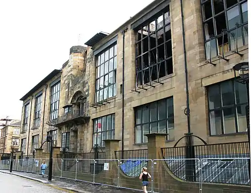Для архитектуры модерна и дизайна мебели наиболее важным центром развития в Великобритании был Глазго, во главе с Чарльзом Ренни Макинтошем и созданной им Школой Глазго, чьи работы были созданы под влиянием стиля Шотландских баронов, японского искусства и Венского сецессиона.[23] Макинтош выставлял свои проекты на международных выставках в Лондоне, Вене и Турине. Его архитектурные творения включали здание «Глазго Геральд» (англ. Glasgow Herald) (1894) и библиотеку Школы искусств в Глазго (1897). Он также зарекомендовал себя как дизайнер мебели и декоратор, работая в тесном контакте со своей женой, Маргарет Макдональд Макинтош. Вместе они создавали яркие проекты, в которых сочетались геометрические прямые линии с мягко изогнутыми цветочными украшениями.
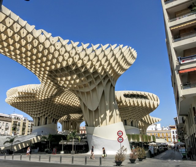 Hotel Baco had our room waiting. We dropped the luggage and went to visit and new Park called the Mushroom which was near by. A bite to eat then a taxi to the Historical Center of Seville where we walked around the Catedral , Square, and alleys before returning for Happy Hour at the oldest Tapas bar in Spain that opened in 1670.
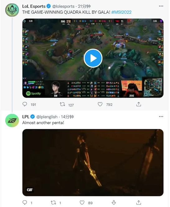 LOL官推:GALA的四杀帮助队伍赢下比赛!
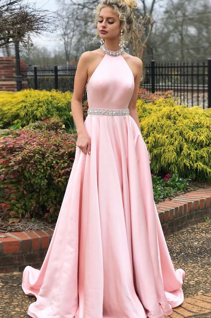 • Fashion A-line Pink High Neck Sexy Back Cheap Beading Prom Dresses OKA15
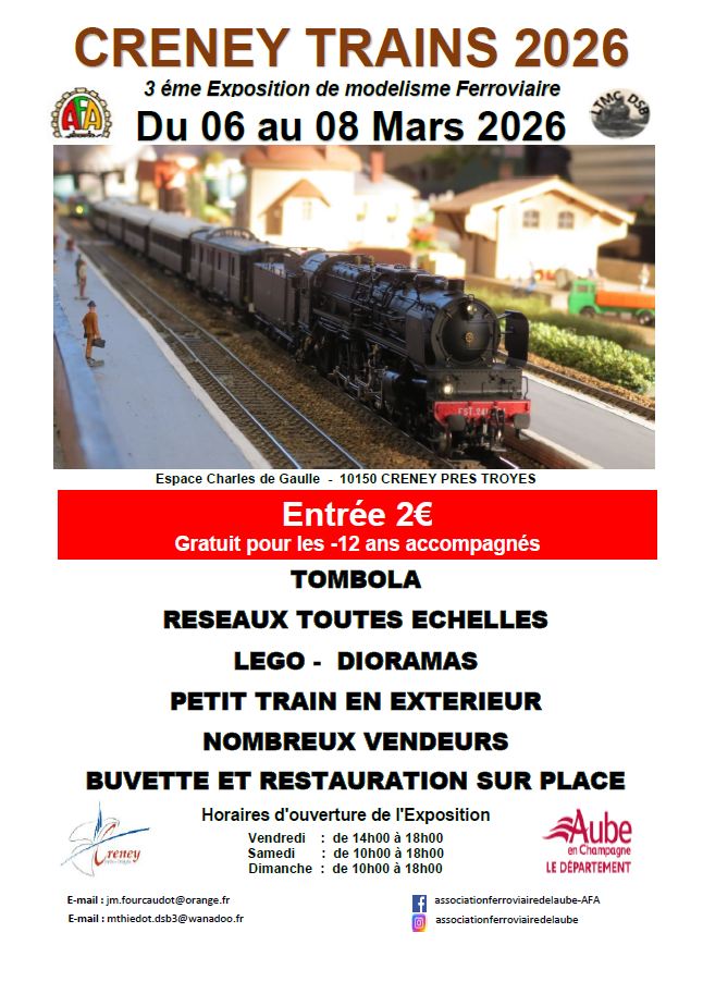 vous invite à découvrir la 3ᵉ exposition de modélisme ferroviaire du 6 au 8 mars 2026 à l’Espace Charles de Gaulle à Creney-près-Troyes.

» **Work required**: The result should be a verbatim copy of the data, free of pictures.

» **Response to this exercise**:
Для архитектуры модерна и дизайна мебели наиболее важным центром развития в Великобритании был Глазго, во главе с Чарльзом Ренни Макинтошем и созданной им Школой Глазго, чьи работы были созданы под влиянием стиля Шотландских баронов, японского искусства и Венского сецессиона.[23] Макинтош выставлял свои проекты на международных выставках в Лондоне, Вене и Турине. Его архитектурные творения включали здание «Глазго Геральд» (англ. Glasgow Herald) (1894) и библиотеку Школы искусств в Глазго (1897). Он также зарекомендовал себя как дизайнер мебели и декоратор, работая в тесном контакте со своей женой, Маргарет Макдональд Макинтош. Вместе они создавали яркие проекты, в которых сочетались геометрические прямые линии с мягко изогнутыми цветочными украшениями.
 Hotel Baco had our room waiting. We dropped the luggage and went to visit and new Park called the Mushroom which was near by. A bite to eat then a taxi to the Historical Center of Seville where we walked around the Catedral , Square, and alleys before returning for Happy Hour at the oldest Tapas bar in Spain that opened in 1670.
 LOL官推:GALA的四杀帮助队伍赢下比赛!
 • Fashion A-line Pink High Neck Sexy Back Cheap Beading Prom Dresses OKA15
 vous invite à découvrir la 3ᵉ exposition de modélisme ferroviaire du 6 au 8 mars 2026 à l’Espace Charles de Gaulle à Creney-près-Troyes.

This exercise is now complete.